El escritor de novelas va de la mano con el periodista que colabora en El Semanal, suplemento que se vende todos los domingos con más de veinte diarios españoles. Su firma es un reclamo para muchos lectores, fascinados por su talento literario pero también porque dice las cosas con desparpajo, sin pelos en la lengua. Sus textos retoman una tradición crítica con la realidad, atenta siempre a denunciar los males del país y sus aspectos más mediocres, que arranca de muy lejos. Comienza en el siglo XVIII con la Ilustración, continua con Larra y culmina con la generación del 98. En todos hay un rasgo en común: el dolor por España, esa nación siempre mal gobernada por sus reyes imbéciles, tan lejos de la cultura y avanzada Europa. Pero cabe preguntarse si perpetuar esta tendencia, como hace nuestro autor, corre el peligro de caer en el anacronismo. La España de hoy poco tiene que ver con la de Cadalso, Fígaro o Unamuno. Tras el éxito de la transición, la historiografía empezó a cuestionar el tópico del Spain is different, el pesimismo melancólico del que se siente heredero de una Historia con un final siempre triste. Aunque, vista la duración y el alcance de la crisis actual, se nota ya un resurgir del viejo pesimismo hispánico.
En sus artículos, Pérez-Reverte se muestra muchas veces arrogante, incluso mal hablado, pero según sus propias declaraciones estas son las reglas de su columna, un género literario particular. No hay que pensar que él, en la vida real, trate a la gente a patadas o hable con estilo barriobajero.
En más de una ocasión ha tratado de poner distancia entre su persona y sus escritos, asegurando que el escritor «no siempre es responsable de lo que dicen sus personajes». ¿Hasta qué punto es sincero? ¿Busca, tal vez, una coartada? Lo cierto es que el lector tiene la sensación de que pone mucho de sí mismo tanto en sus novelas como en sus textos periodísticos. En La piel del tambor, por ejemplo, aparece el protagonista, Quart, en el Sarajevo devastado por la Guerra Civil Yugoslava. El sacerdote, encargado de una de sus misiones diplomáticas de alto riesgo, conoce a una chica a la que consigue algunos productos de primera necesidad. Cuando ella le pide ducharse (la primera vez que lo hace en un mes), en su habitación, él la contempla seducido por su belleza. Le gustaría hacerle el amor, y podría, pero se niega. No porque no la desee, sin por una cuestión de principios. «Sencillamente, ciertas cosas no podían hacerse a cambio de medio cartón de cigarrillos y un ración de comida». ¿Seguro que a Pérez-Reverte no le pasó algo así alguna vez?
Mucho de sí mismo, está claro.

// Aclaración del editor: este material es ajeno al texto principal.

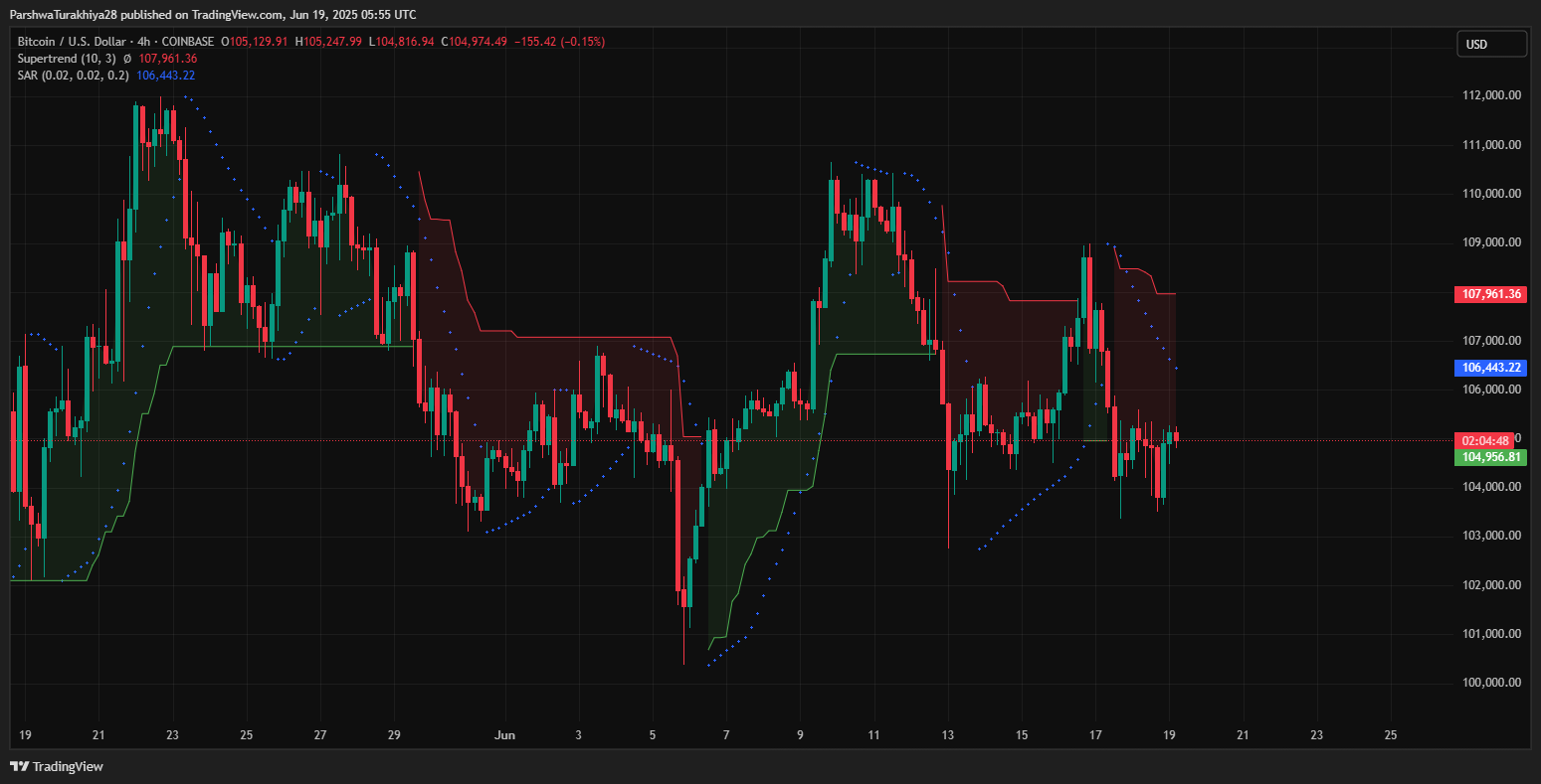 利点として、抵抗はインジケータの合流によってキャップされます。 20/50/100 EMAクラスターは105,960ドルで、最初の障壁として機能します。すぐに、放物線のSARは抵抗を106,443ドルで信号しますが、スーパートレンドインジケーターは別の天井を107,961ドルとマークします。この積み重ねられたオーバーヘッド抵抗は、上向きの運動量での現在の一時停止を説明しています。

Pero también toneladas de documentación. La que necesita el profesional riguroso, con la disciplina del buen soldado. Si una sola línea requiere la información de varios libros, hay que leer esos libros. Este afán por bucear en las bibliotecas le permite recatar hechos históricos nada conocidos por el gran público, como la existencia, en el siglo XVII de esos corsarios españoles borrados de nuestra memoria. Hasta el punto de que instintivamente creemos que los piratas siempre eran turcos o ingleses.
Por desgracia, con Pérez-Reverte, el personaje que se ha construido siempre corre el peligro de devorar al escritor. Una mirada superficial nos descubriría al hombre soberbio, lleno a rebosar de lo que en lenguaje vulgar llamaríamos chulería. Pero, por favor, continuemos mirando, escarbando un poco más en la superficie de lo aparentemente obvio. Descubriremos entonces la ternura, el lirismo. A un romántico incurable que encuentra sentido a la vida en las páginas de un libro o en los brazos de una mujer. De alguna de sus heroínas fascinantes, como la Olvido Ferrara de El pintor de batallas, por las que vale la pena arriesgarlo todo: «Cualquier hombre se habría dejado matar por ella o por su risa».